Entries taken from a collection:

◆ ◆ ◆ ◆ ◆

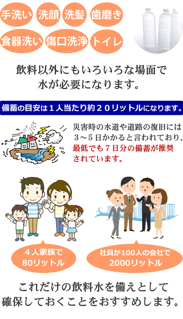 長期保存用ミネラルウォーター、軟水、避難グッズ、防災グッズ、避難用品、防災用品、保存食、2リットル、500ミリリットル、ほぞんすい、びちくすい、ちょうきほぞんすい
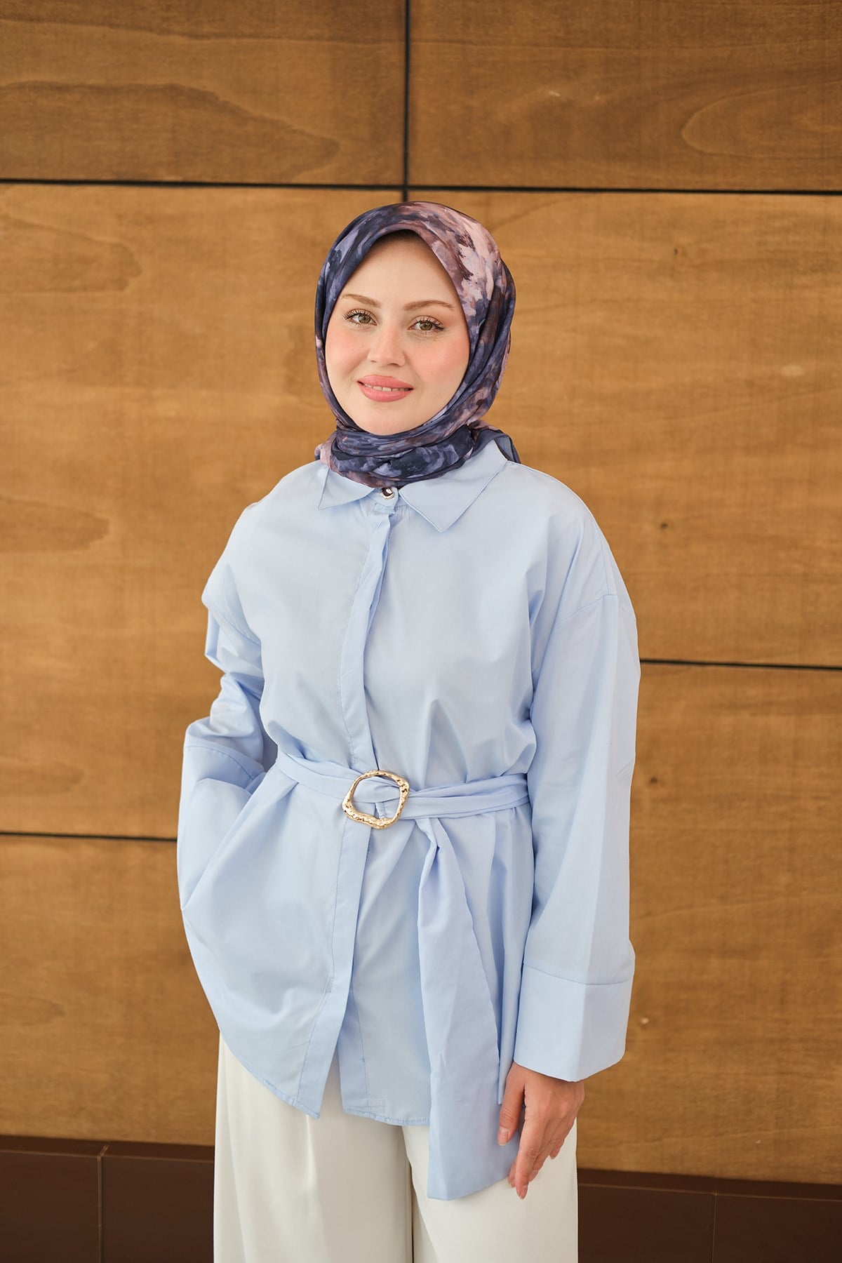 Toka Detaylı Uzun Kuşaklı Gömlek Bebe Mavi
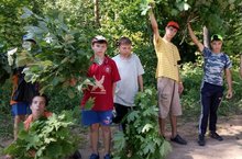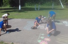 Воспитанники старшего звена выполняли трудовые поручения по обработке сельскохозяйственных культур. После полдника была организована экскурсия на родник "Лесной", младшее звено воспитанников выполняли поделки из природного материала " Природа глазами детей". А затем проводился конкурс рисунков на асфальте.
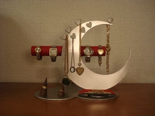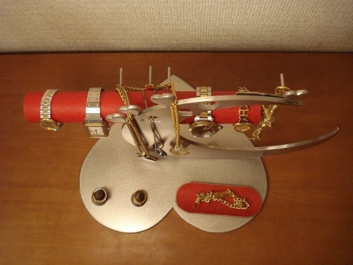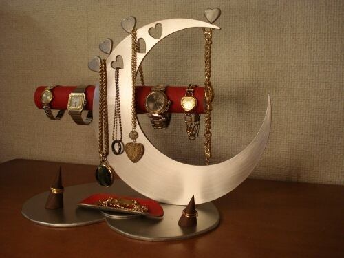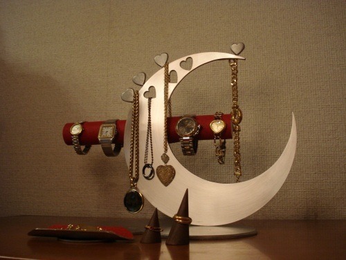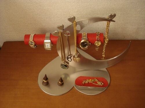 アクセサリーケース レッド指輪、ネックレス、腕時計三日月スタンド パート2 No.130613
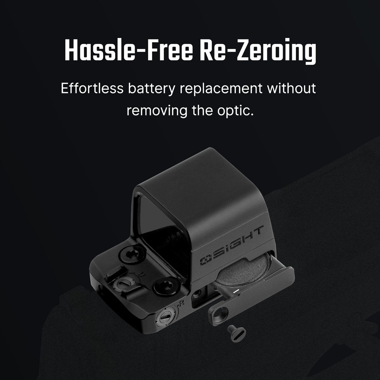 Küljelt laaditav aku: CR1620 aku vahetamine on lihtne, ilma optikat eemaldamata, mis välistab vajaduse nullpunkti uuesti seadistada.
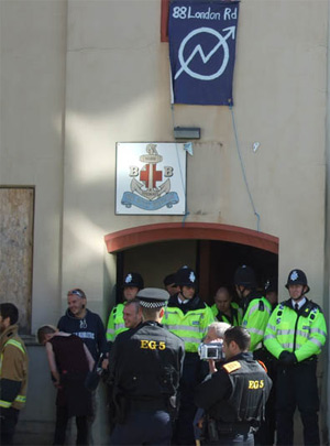 Brighton’s squatted social centre, the 88 London Road squat, has defied its last court order as police and bailiffs busted through the fortified doors early yesterday morning (3rd July). Occupiers of the abandoned Methodist church had already resisted one eviction attempt on 12th June (SchNEWS 632). They had been holding a regular ‘free kaff’ on the bustling street outside and had just began reopening its doors for a variety of events. There was, however, the constant realisation that the space was likely to be evicted at any moment.
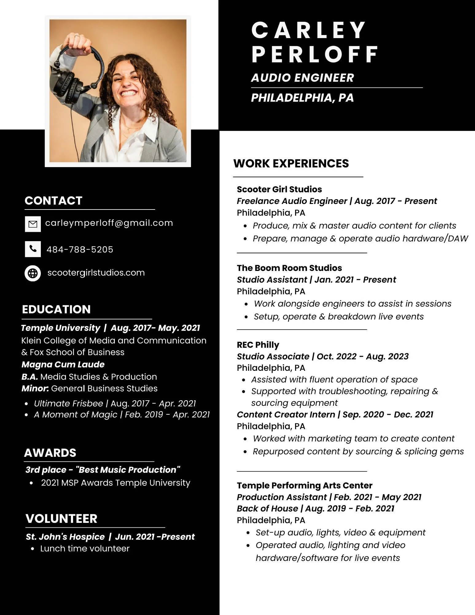 I am a graduate of Temple University with a degree in Media Studies & Production and a minor in Business. I’ve always had a passion for content creation ever since I wrote my first song in elementary school. I’ve spent the past few years developing skills in various realms of audio production which has inspired me to begin freelancing and helping others along their journey through the art of audio production! I spend my free time writing and recording music for myself and my band, Cuddle Puddle.
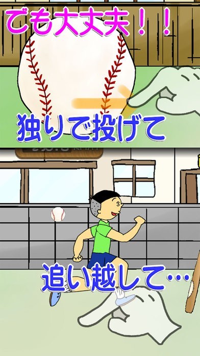 「涙を拭けよ!ぼっち野球」は野球を一緒にしてくれる仲間がいない「なかしま君」になって一人で野球をするゲームです。 まずボールをスワイプして飛ばします。次にバットを目指して連続でタップします。飛んできたボールのタイミングに合わせてタップして打ちます。このときのタイミングでボールの飛距離や高さが決まります。

◆ ◆ ◆ ◆ ◆

▸ ACTIVITY: Return the lines of the data above in full and exactly, with no pictures.

▸ EXERCISE ANSWER:
 長期保存用ミネラルウォーター、軟水、避難グッズ、防災グッズ、避難用品、防災用品、保存食、2リットル、500ミリリットル、ほぞんすい、びちくすい、ちょうきほぞんすい
 Toka Detaylı Uzun Kuşaklı Gömlek Bebe Mavi
 Воспитанники старшего звена выполняли трудовые поручения по обработке сельскохозяйственных культур. После полдника была организована экскурсия на родник "Лесной", младшее звено воспитанников выполняли поделки из природного материала " Природа глазами детей". А затем проводился конкурс рисунков на асфальте.
 アクセサリーケース レッド指輪、ネックレス、腕時計三日月スタンド パート2 No.130613
 Küljelt laaditav aku: CR1620 aku vahetamine on lihtne, ilma optikat eemaldamata, mis välistab vajaduse nullpunkti uuesti seadistada.
 Brighton’s squatted social centre, the 88 London Road squat, has defied its last court order as police and bailiffs busted through the fortified doors early yesterday morning (3rd July). Occupiers of the abandoned Methodist church had already resisted one eviction attempt on 12th June (SchNEWS 632). They had been holding a regular ‘free kaff’ on the bustling street outside and had just began reopening its doors for a variety of events. There was, however, the constant realisation that the space was likely to be evicted at any moment.
 I am a graduate of Temple University with a degree in Media Studies & Production and a minor in Business. I’ve always had a passion for content creation ever since I wrote my first song in elementary school. I’ve spent the past few years developing skills in various realms of audio production which has inspired me to begin freelancing and helping others along their journey through the art of audio production! I spend my free time writing and recording music for myself and my band, Cuddle Puddle.
 「涙を拭けよ!ぼっち野球」は野球を一緒にしてくれる仲間がいない「なかしま君」になって一人で野球をするゲームです。 まずボールをスワイプして飛ばします。次にバットを目指して連続でタップします。飛んできたボールのタイミングに合わせてタップして打ちます。このときのタイミングでボールの飛距離や高さが決まります。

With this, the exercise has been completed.